State v. Cuvelier

394 A.2d 185, 175 Conn. 100, 1978 Conn. LEXIS 942
CourtSupreme Court of Connecticut
DecidedMay 2, 1978
StatusPublished
Cited by31 cases

This text of 394 A.2d 185 (State v. Cuvelier) is published on Counsel Stack Legal Research, covering Supreme Court of Connecticut primary law. Counsel Stack provides free access to over 12 million legal documents including statutes, case law, regulations, and constitutions.

Bluebook
State v. Cuvelier, 394 A.2d 185, 175 Conn. 100, 1978 Conn. LEXIS 942 (Colo. 1978).

Opinion

Cotter, J.

The defendant, in a seven-count information, was charged with conspiracy to commit burglary in the third degree, conspiracy to commit robbery in the first degree, conspiracy to commit *102 assault in the first degree, injury or risk of injury to a child, and deviate sexual intercourse in the first degree. On March 6, 1974, after a trial by the court on the sixth count of the information, 1 the defendant was adjudged not guilty by reason of insanity and, pursuant to § 53a-47 (a) (1) of the General Statutes, ordered committed to the custody of the commissioner of mental health for a period not to exceed ninety days for an examination to determine his mental condition. Pursuant to the statute, 2 the superintendent of Whiting Forensic Institute subsequently filed a report with the court and, on June 6, 1974, the court found that the defendant was mentally ill to the extent that his release would constitute a danger to himself and to others and therefore ordered that he remain in the custody of the commissioner of mental health for a term not to exceed ten years. The state’s attorney, therefore, declined to prosecute the defendant on the remaining counts of the information.

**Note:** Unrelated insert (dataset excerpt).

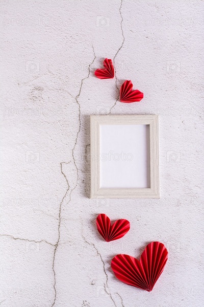 Красные бумажные сердца DIY вокруг пустой фоторамки на бетоне. День святого Валентина. Вертикальный вид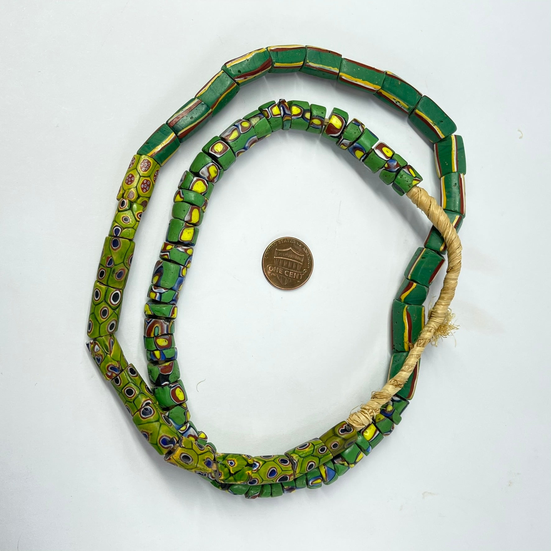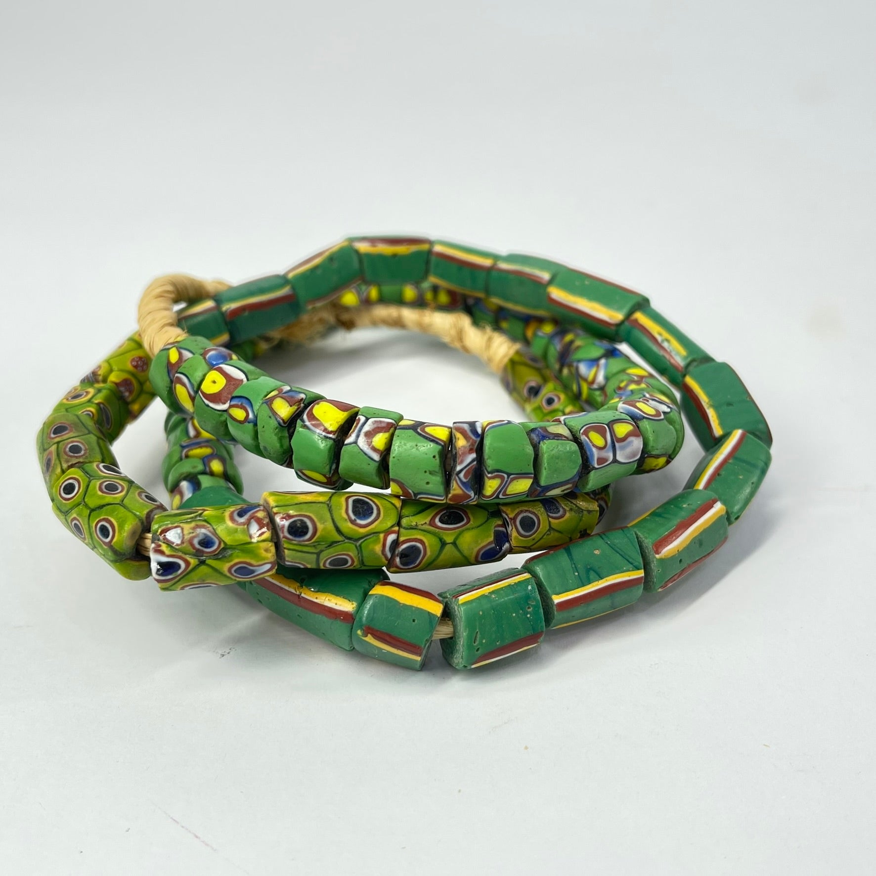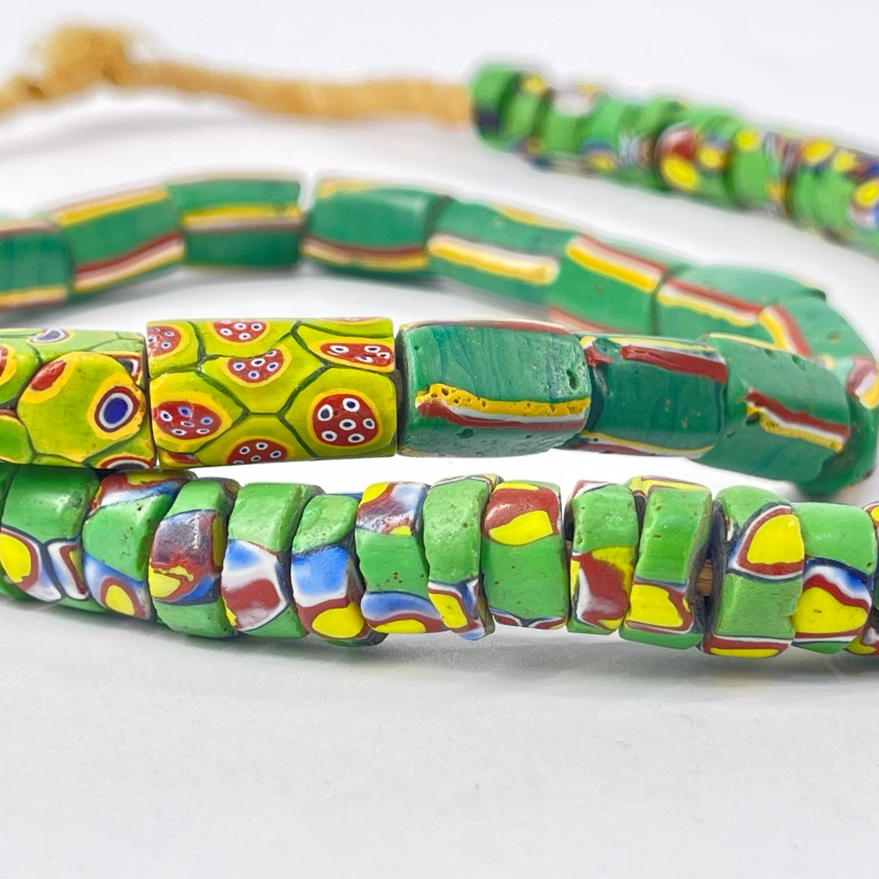 This beautiful strand has a mix of green Millefiori, Watermelon Millefiori, Venetian Striped, rectangle and slices.

*103 On March 23, 1976, the defendant filed a motion to revoke the June 6, 1974, order of commitment on the ground that the defendant “is not now mentally ill to the extent that his release would constitute a danger to hifnself or others” as provided for in General Statutes § 53a-47. Following a hearing, the defendant’s motion, upon order of the court, was denied on December 2, 1976, and he has appealed.

The defendant has assigned error in the trial court’s refusal to find certain facts, in finding facts without evidence, and in reaching conclusions unsupported by facts set forth in the finding. Since the facts which the defendant seeks to have added to the finding are not admitted or undisputed material facts which would affect the result in this case, no corrections are warranted. Practice Book, 1963, § 628 (a); Rushchak v. West Haven, 167 Conn. 564, 566, 356 A.2d 104. The defendant’s remaining assignments of error, directed at the finding, are disposed of by our determination of the defendant’s primary claim that the trial court improperly relied upon statutory periodic review reports not formally introduced into evidence and the testimony of a psychiatrist, which the defendant claims was erroneously based upon past medical history.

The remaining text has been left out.